- Sib and Suran Rural District Location within Iran
- Coordinates: 27°18′30″N 62°03′00″E﻿ / ﻿27.30833°N 62.05000°E
- Country: Iran
- Province: Sistan and Baluchestan
- County: Sib and Suran
- District: Central
- Capital: Suran

Population (2016)
- • Total: 32,999
- Time zone: UTC+3:30 (IRST)

= Sib and Suran Rural District =

Rural district in Sistan and Baluchestan province, Iran

Sib and Suran Rural District (دهستان سیب و سوران) is in the Central District of Sib and Suran County, Sistan and Baluchestan province, Iran. It is administered from the city of Suran.

==Demographics==
===Population===
At the time of the 2006 National Census, the rural district's population (as a part of the former Sib and Suran District of Saravan County) was 24,420 in 5,051 households.
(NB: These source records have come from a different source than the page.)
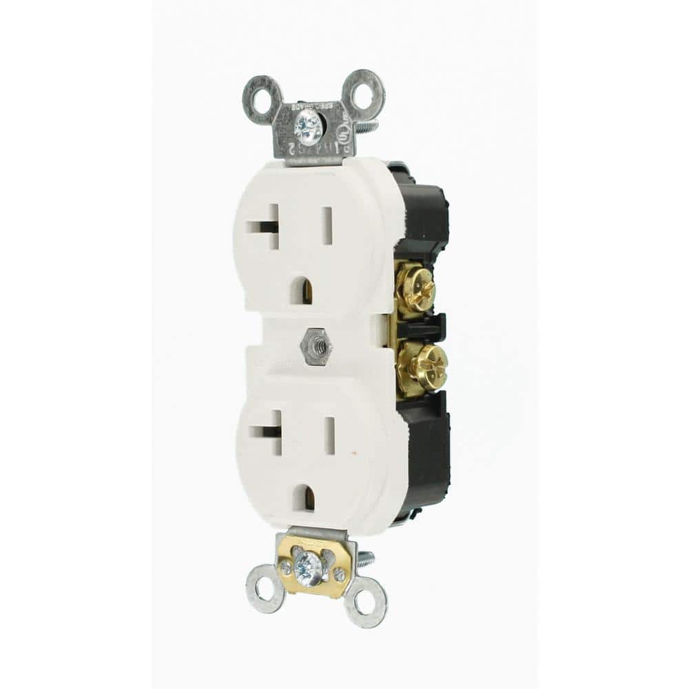 Leviton 20 Amp Commercial Grade Duplex Outlet, White (R62-CBR20-00W)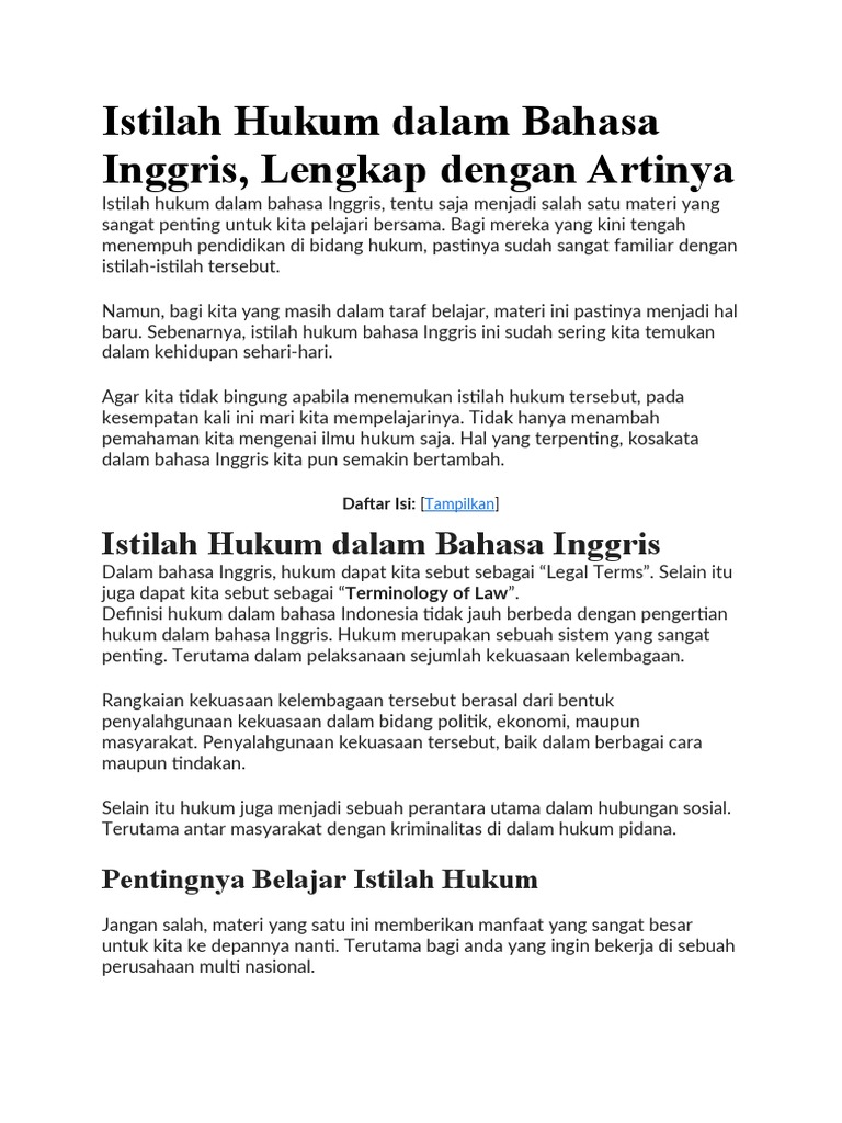 Istilah Hukum Dalam Bahasa Inggris Pdf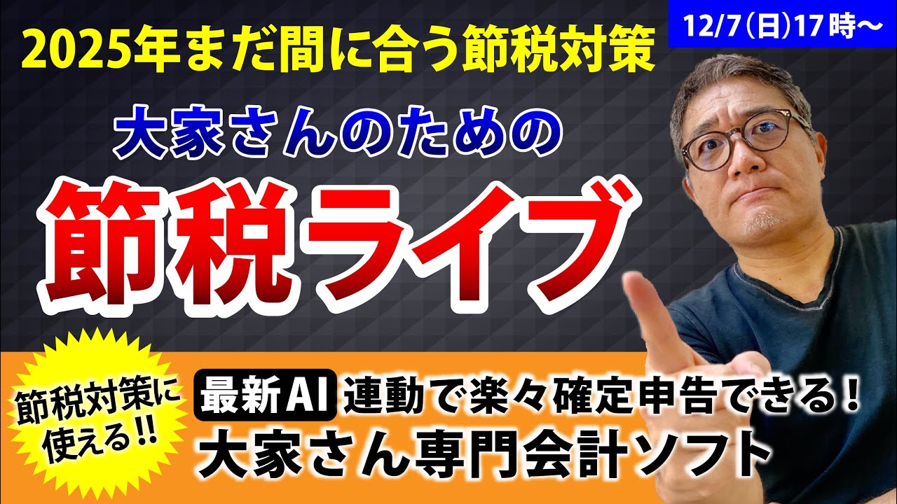 無駄な税金は一切払いたくないという不動産投資家のために、今からでも間に合う25年度の節税対策ノウハウを公開します。節税に役立つ大家さん専用の会計ソフトの紹介もあります。 ★2025年12月31日迄期間限定!「会計職人」が最大38%OFFになるキャンペーンはこちら→ https://www.superfp.com/kaikei ★ご出演いただいた渡邊先生の情報はこちら Knees bee

There were 28,005 inhabitants in 6,828 households at the following census of 2011, by which time the district had been separated from the county in the establishment of Sib and Suran County. The rural district was transferred to the new Central District. The 2016 census measured the population of the rural district as 32,999 in 8,284 households. The most populous of its 124 villages was Sib (now a city), with 892 people.